媽媽揚起手準備甩在我臉上,卻又隱忍著放下。
“我寧願你當狗,也不願意你去給那個糟老頭當暖床的。”
她說完,帶著怒氣趕我回 狗窩。
頭也不回的走進屋。
很不幸的是,我的晚飯也被省略掉了。
可是,屋漏偏逢連夜雨。
下雨了。
簡陋的屋頂,稀稀拉拉往進滴水。
我被迫躲在一個角落。
雨越下越大。
漸漸倒灌進狗窩。
沒辦法,我又從狗窩裏鑽出去。
跑到屋頂下躲雨。
碰巧聽到了屋裏的動靜。
王大柱好像是喝醉了,大吵著質問媽媽: “那小女孩兒到底是誰,跟你長的一模一樣,別TM說跟你沒關係。”
媽媽沒有出聲。
“你以前是不是有過男人,老子結婚當晚就發現你不是處,結果還真是個騙子。”
“今天看我不打死你。”
他說完,拿著酒瓶朝媽媽的腦袋砸過去。
我沒多做思考,瘋一樣衝進去。
像小時候那樣擋在她的麵前。
酒瓶正好砸在我的太陽穴。
有玻璃渣飛進我的左眼。
我慘叫一聲,伸手捂住流血的眼睛。
一字一頓說道: “我和她真的沒有任何關係,純純就是來投奔的,如果你實在看我不順眼,我可以離開,但是請你不要傷害.......陳阿姨。

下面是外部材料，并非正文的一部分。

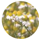
母菊花/叶提取物 〈张力、光泽成分〉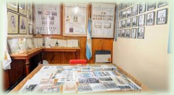
Museo Histórico de la Policía del Chubut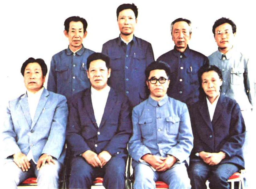
《敖汉旗人口志》审稿人员合影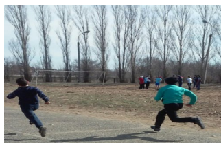
Учащиеся 6-х классов соревнуются в скорости и ловкости.

В Акции приняли участие все ребята нашей школы с 1 по 11 класс. Старшеклассники под руководством учителей по физической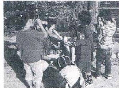
作った万華鏡で遊ぶ様子

”
這一刻,我真的怕了。
怕媽媽好不容易找好的家散了。
或許從一開始我就不該來找她。
她明明警告過我,不要再打擾她的生活。
是我對不起媽媽。
也許我就是媽媽生命裏的掃把星。
王大柱冷笑一聲。
一腳把我踹出門外。
天空突然響起一聲巨雷,我看著媽媽被他揪起頭發往牆上撞。
我再次衝過。
又被踢出門外。
這一次,我哇的一聲吐出來。
胃酸摻著鮮血打濕在雨點裏。
等到往大柱出完氣。
媽媽顫顫巍巍站起來,失魂落魄地衝到我麵前。
提著我的胳膊就往大門外扔。
“滾!”
我躺在雨水裏,微微張嘴,卻也沒敢喊出媽媽兩個字。
我的確應該滾。
沒有我,她一定可以過的更好。
趁著雨夜,我跌跌撞撞往陌生的方向跑。
或許是跑的太急,或許是眼睛受傷。
一時沒看清拐彎處疾馳而來的汽車。
整個人被撞飛出去。
隱約間,好像看見遠處有一抹熟悉的身影往這邊衝.......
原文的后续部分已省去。